President Trump won the presidency in part because he rallied religious voters with his promise to fill the vacant Supreme Court seat following Justice Antonin Scalia’s death with someone who would protect their values. It is thus ironic that the opinion of Scalia’s replacement, Justice Neil M. Gorsuch, in Monday’s decision holding that the Civil Rights Act of 1964 forbids employment discrimination against LGBTQ Americans, may start the unraveling of the coalition behind Trump — and the Republican Party.

Strongly religious voters have gravitated toward the Republican Party for some time now, but it wasn’t always this way. Ronald Reagan only won 63 percent of evangelical Christians in 1980, and the Republican candidates against Bill Clinton got only 62 and 65 percent in his two races. Clinton won the white Catholic vote, and Reagan won it in his two races by roughly the same margins that he won overall. Catholics did not tilt Republican in the 1980s or 1990s, and the evangelical GOP tilt was significantly less than it is today.

Data from the Pew Research Center shows this started to change in 2000, as the culture war led religious voters to increasingly back Republicans. In 2000, Bush won white Catholics by seven points while losing the national vote by about half a point. That difference between the white Catholic vote and the national vote grew with each succeeding election, rising to 11 points in 2004, 12 points in 2008, and 23 points in 2012. Evangelical voters made a similar shift. They voted for Republicans at a margin of 55 points compared to the entire nation in 2004, 57 points in 2008 and 61 points in 2012. The inference is clear: The more that secular elements within the Democratic Party successfully pushed their cultural agenda, the more religious voters moved to Republicans.

Trump moved these figures to new, astronomical heights. He won 81 percent of the white evangelical vote and 60 percent of the white Catholic vote even while losing the national popular vote by 2 percentage points. White evangelicals voted 67 points more Republican than the nation as a whole, while white Catholics voted 25 points more Republican than the nation. Trump won among the third of voters who attend religious services at least weekly; fully 40 percent of his vote came from the religiously devout.

Concern about the Supreme Court’s role in the culture wars clearly impacted this dramatic shift. The 2016 exit poll found that 21 percent of all voters said Supreme Court appointments were the most important factor in their vote; Trump carried them by a 56 to 41 percent margin.

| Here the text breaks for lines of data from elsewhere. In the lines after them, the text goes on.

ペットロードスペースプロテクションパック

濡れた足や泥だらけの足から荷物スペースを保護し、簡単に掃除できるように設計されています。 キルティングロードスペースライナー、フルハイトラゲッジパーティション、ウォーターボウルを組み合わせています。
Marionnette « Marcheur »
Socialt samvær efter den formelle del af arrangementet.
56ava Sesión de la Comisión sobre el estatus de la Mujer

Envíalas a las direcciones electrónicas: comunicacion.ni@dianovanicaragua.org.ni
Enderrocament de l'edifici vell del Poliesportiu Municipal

It’s clear that fear of a culturally liberal court drove a crucial number of normally Democratic-supporting white voters to back Trump.

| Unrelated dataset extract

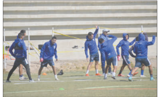
El equipo orureño con poco tiempo de preparación recibirá a Aurora

GV San José habría hecho jugar a un futbolista con sanción de doping y que por ello vendría una serie de sanciones. Sin embargo, la dirigencia del cuadro orureño dijo tener la tranquilidad necesaria ya que hasta la fecha no se recibió ninguna notificación sobre alguna sanción a uno de sus futbolistas.

Gorsuch’s decision Monday could throw all of this into the political dustbin. Regardless of the decision’s legal merits, religious voters clearly expected Gorsuch and his fellow Trump appointee, Justice Brett M. Kavanaugh, to oppose progressive attempts to advance their cultural agenda through the courts. “But Gorsuch” was a common phrase used to justify continued support for Trump among religiously motivated voters throughout 2017 and 2018. Now that Gorsuch has proved himself untrustworthy in their eyes, they would be right to question whether Republican assurances meant anything at all. Indeed, Sen. Josh Hawley (R-Mo.), has already said as much on the Senate floor.

Even a small reduction in the Republican margin among the devout will destroy any hope Trump will be reelected. Evangelical voters made up between 21 and 38 percent of the vote in the key Southern states of Florida, Texas, Georgia and North Carolina in 2016. He carried evangelicals by between 64 and 73 points in each state. If his margins among this demographic fell by only 10 points this year, he would lose Florida and North Carolina based on his 2016 result and would even lose Georgia and Texas if the 2018 election returns are a better measure of those states’ current partisan breakdowns.

Trump’s hold on the Midwestern “blue wall” is also imperiled by erosion in religious voters’ support. Wisconsin was 28 percent evangelical in 2016, and Trump carried that group by a 73 to 23margin. Carrying this demographic by anything less — even a 70 to 30 margin — would flip the Badger State blue.

Republicans and Trump will need to confront this challenge sooner rather than later. Trump will need to spend more time shoring up his support among religious voters than he might like, likely stressing religious liberty and pro-life measures. Congressional Republicans would also be well advised to demonstrate their support for measures important to these voters. None of this, however, can fully replace what these voters’ faith in Republicans ability to appoint the right people to the Supreme Court provided. For these voters, Trump and the GOP were tested and found wanting.